_RECORD EXTRACTS_

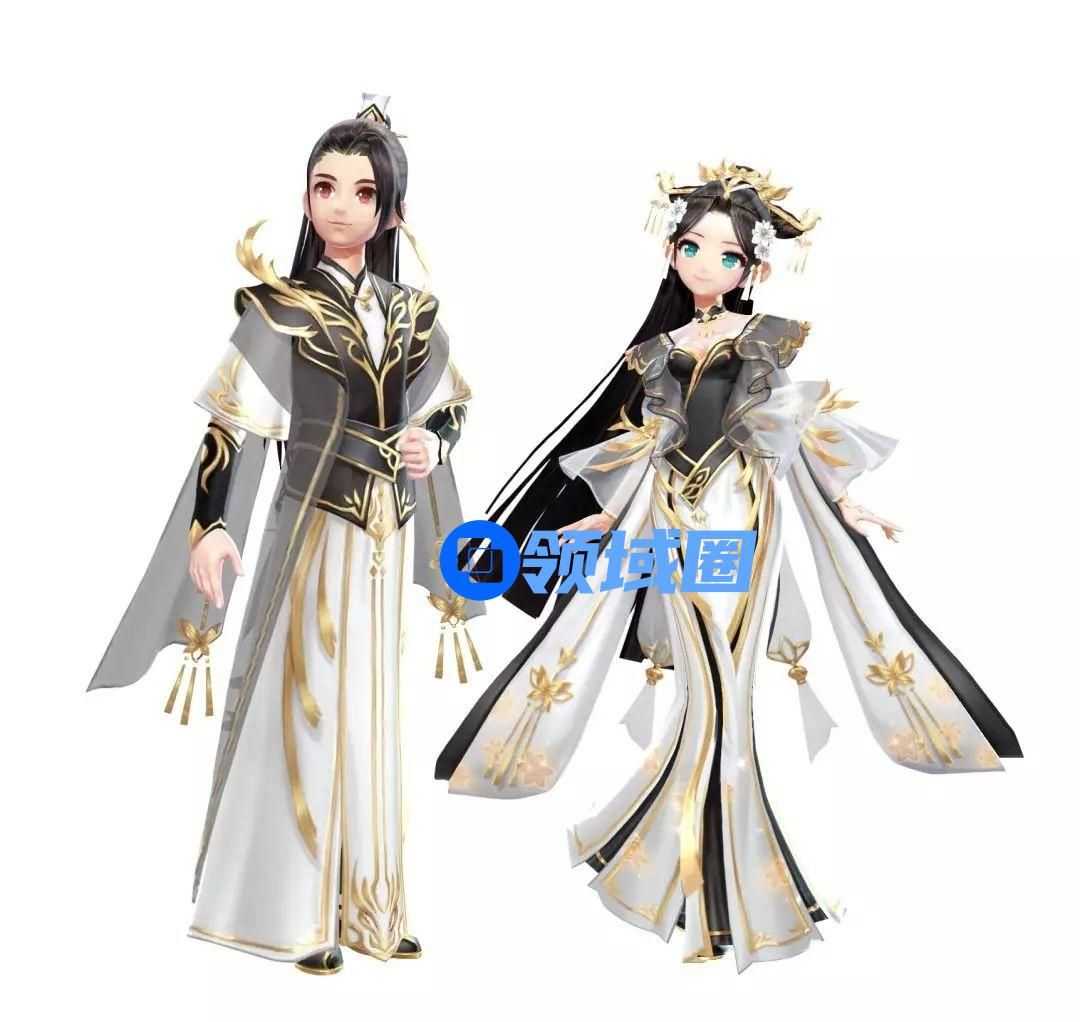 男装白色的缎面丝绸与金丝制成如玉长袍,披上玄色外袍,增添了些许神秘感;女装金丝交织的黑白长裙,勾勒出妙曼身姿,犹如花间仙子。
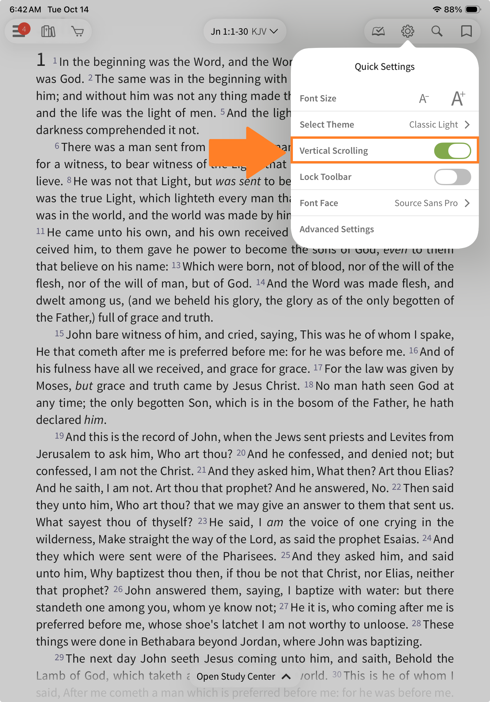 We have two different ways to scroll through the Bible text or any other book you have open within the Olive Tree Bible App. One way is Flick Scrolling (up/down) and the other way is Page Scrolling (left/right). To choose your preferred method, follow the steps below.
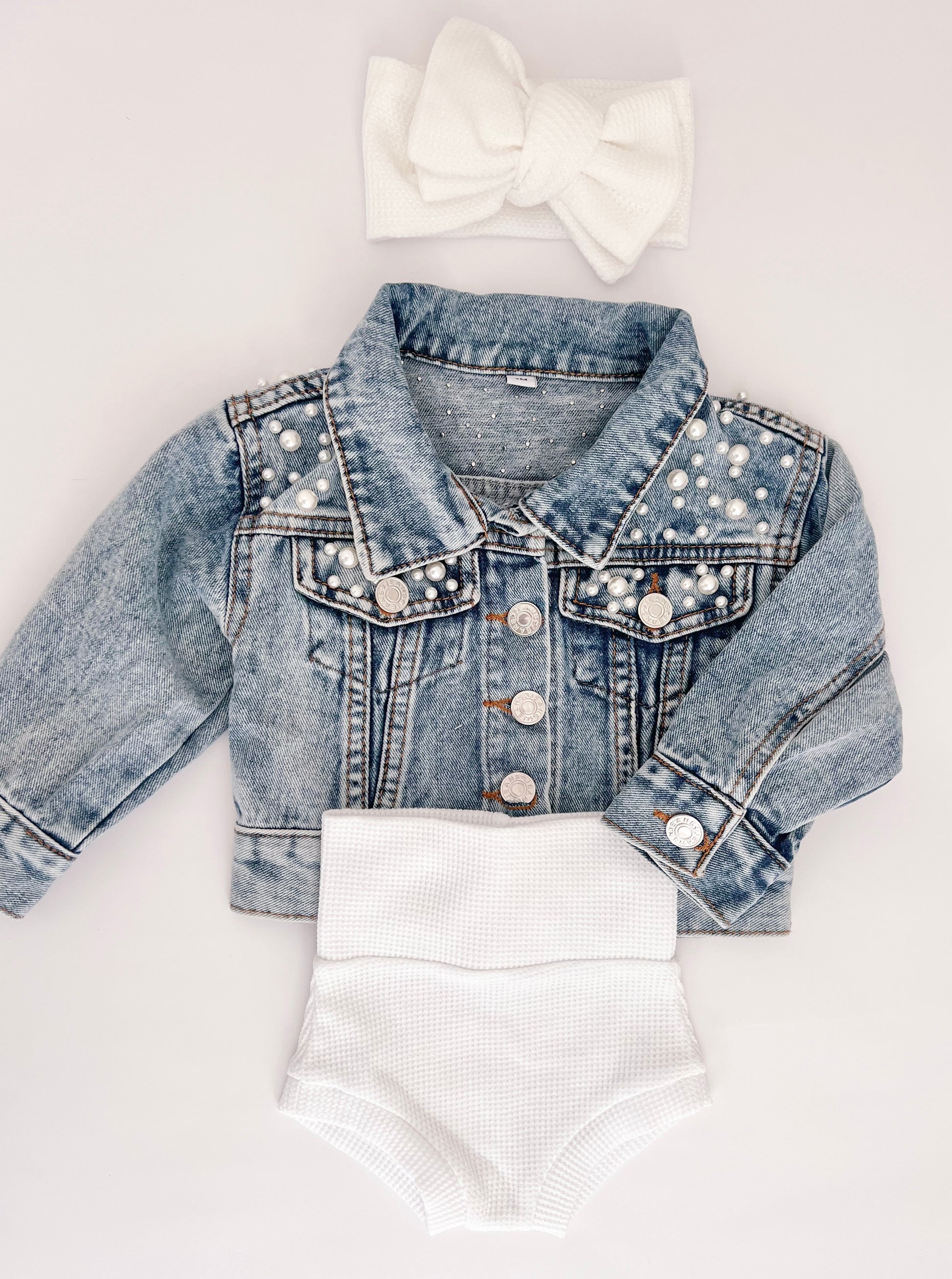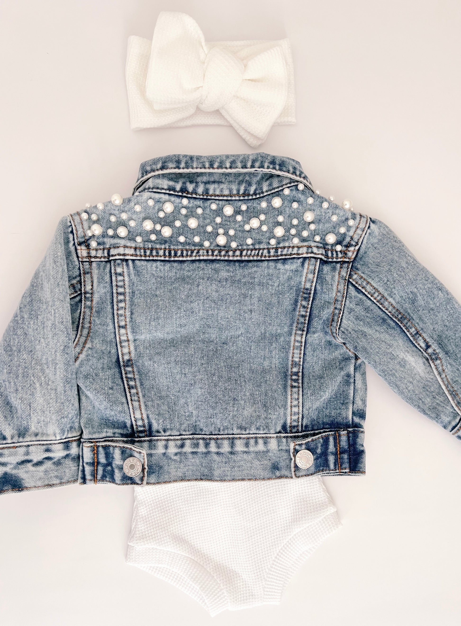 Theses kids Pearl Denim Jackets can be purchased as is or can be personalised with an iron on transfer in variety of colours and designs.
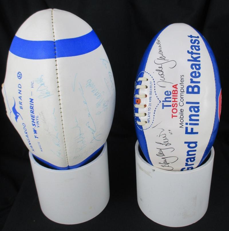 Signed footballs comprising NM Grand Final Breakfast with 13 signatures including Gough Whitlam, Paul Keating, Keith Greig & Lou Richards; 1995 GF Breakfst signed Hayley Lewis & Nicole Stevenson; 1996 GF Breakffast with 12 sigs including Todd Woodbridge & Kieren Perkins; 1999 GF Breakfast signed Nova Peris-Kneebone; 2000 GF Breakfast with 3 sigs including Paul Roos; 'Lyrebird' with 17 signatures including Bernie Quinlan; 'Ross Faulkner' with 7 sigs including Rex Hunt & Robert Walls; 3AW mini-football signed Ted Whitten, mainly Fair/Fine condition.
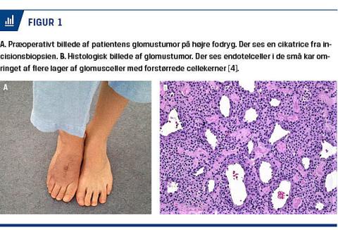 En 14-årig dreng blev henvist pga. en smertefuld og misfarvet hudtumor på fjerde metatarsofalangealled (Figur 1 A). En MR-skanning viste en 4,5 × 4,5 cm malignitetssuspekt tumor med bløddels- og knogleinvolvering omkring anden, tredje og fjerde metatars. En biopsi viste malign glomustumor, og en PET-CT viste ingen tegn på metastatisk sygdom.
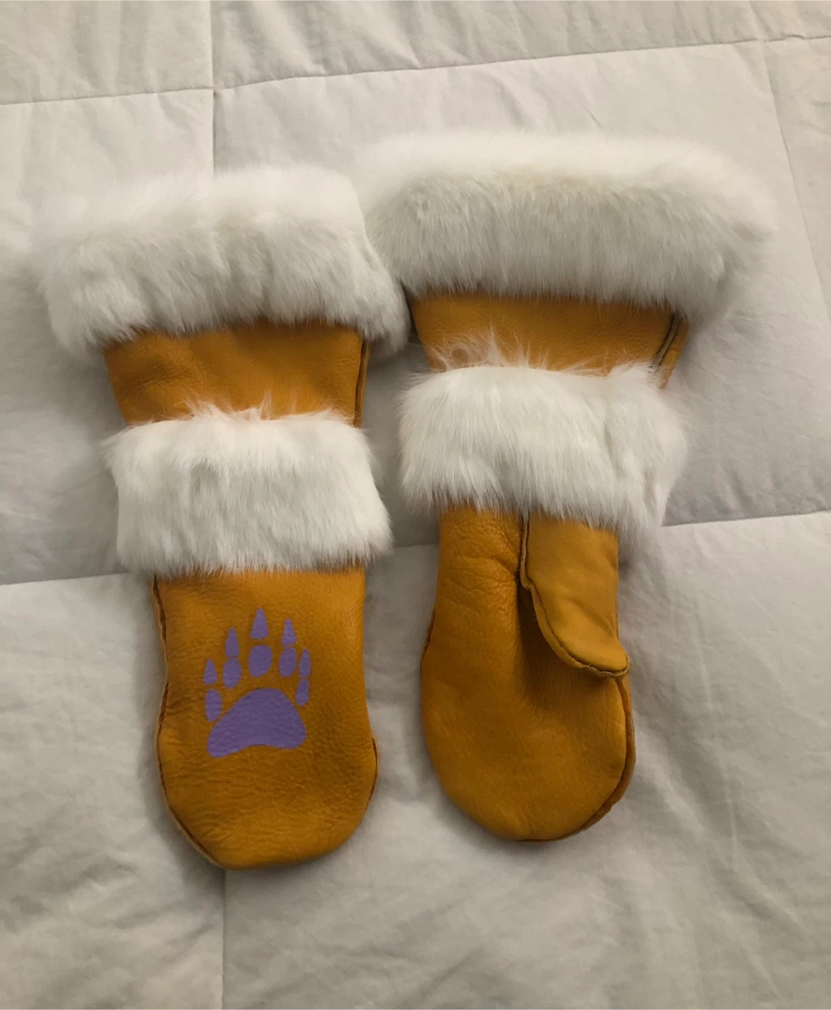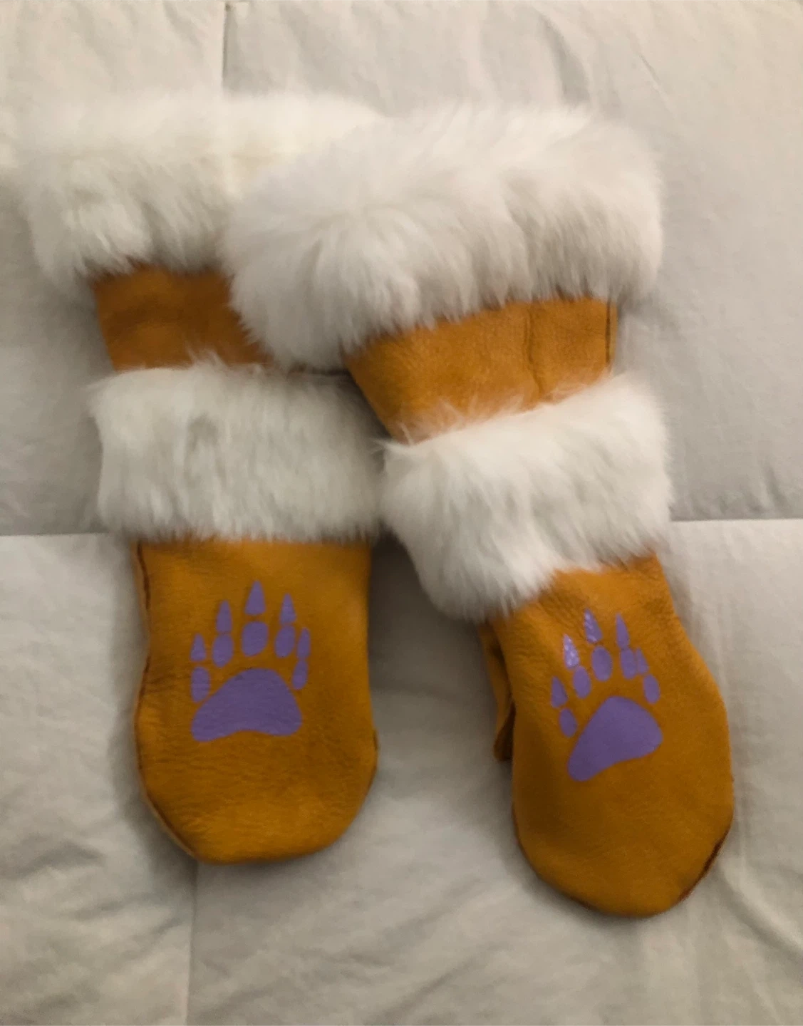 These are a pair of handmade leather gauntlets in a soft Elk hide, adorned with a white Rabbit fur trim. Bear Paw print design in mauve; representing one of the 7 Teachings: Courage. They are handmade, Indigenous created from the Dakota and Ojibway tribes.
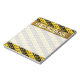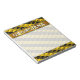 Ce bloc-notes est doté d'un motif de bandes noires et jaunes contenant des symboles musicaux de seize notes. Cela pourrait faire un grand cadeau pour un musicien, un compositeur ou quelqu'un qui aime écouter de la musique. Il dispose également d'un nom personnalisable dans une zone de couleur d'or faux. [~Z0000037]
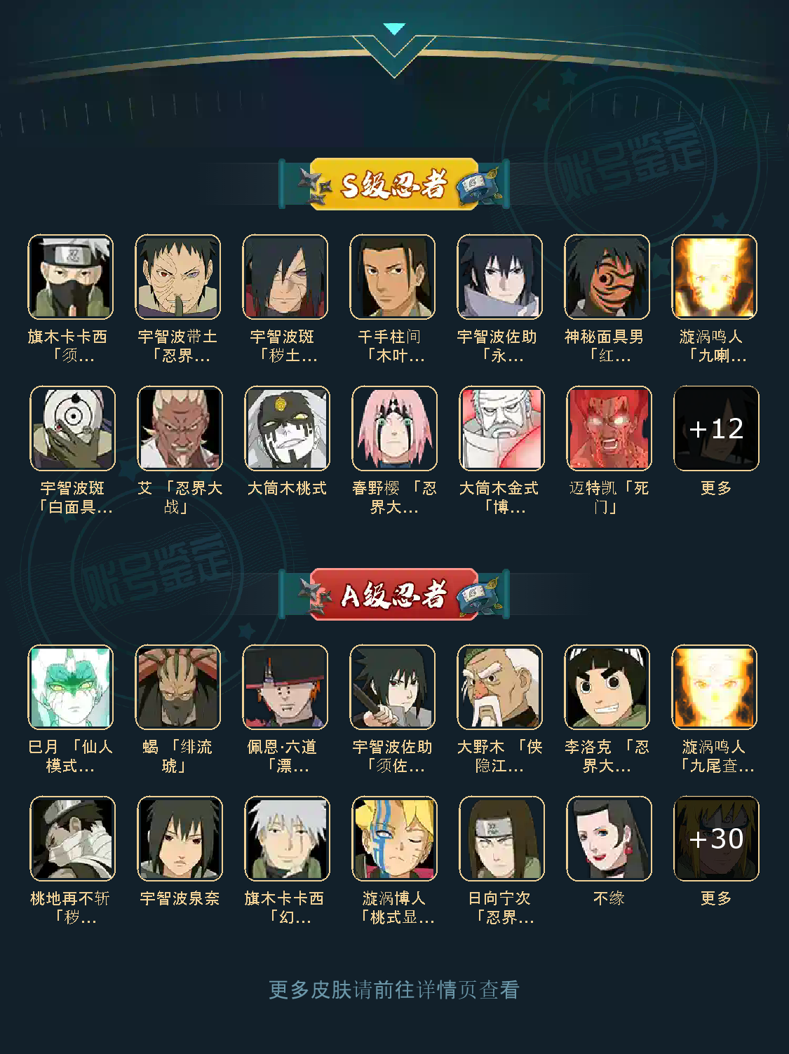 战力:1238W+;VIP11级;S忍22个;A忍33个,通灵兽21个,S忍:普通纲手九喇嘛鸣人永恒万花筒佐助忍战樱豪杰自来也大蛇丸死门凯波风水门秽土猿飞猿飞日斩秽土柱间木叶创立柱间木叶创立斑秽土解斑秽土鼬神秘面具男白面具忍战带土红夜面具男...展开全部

_WHAT THE EXERCISE ASKS_
Pictures aside, write out verbatim every line from the first line of the material through the line holding "Theses kids Pearl".

_ANSWER BOX_
 男装白色的缎面丝绸与金丝制成如玉长袍,披上玄色外袍,增添了些许神秘感;女装金丝交织的黑白长裙,勾勒出妙曼身姿,犹如花间仙子。
 We have two different ways to scroll through the Bible text or any other book you have open within the Olive Tree Bible App. One way is Flick Scrolling (up/down) and the other way is Page Scrolling (left/right). To choose your preferred method, follow the steps below.
 Theses kids Pearl Denim Jackets can be purchased as is or can be personalised with an iron on transfer in variety of colours and designs.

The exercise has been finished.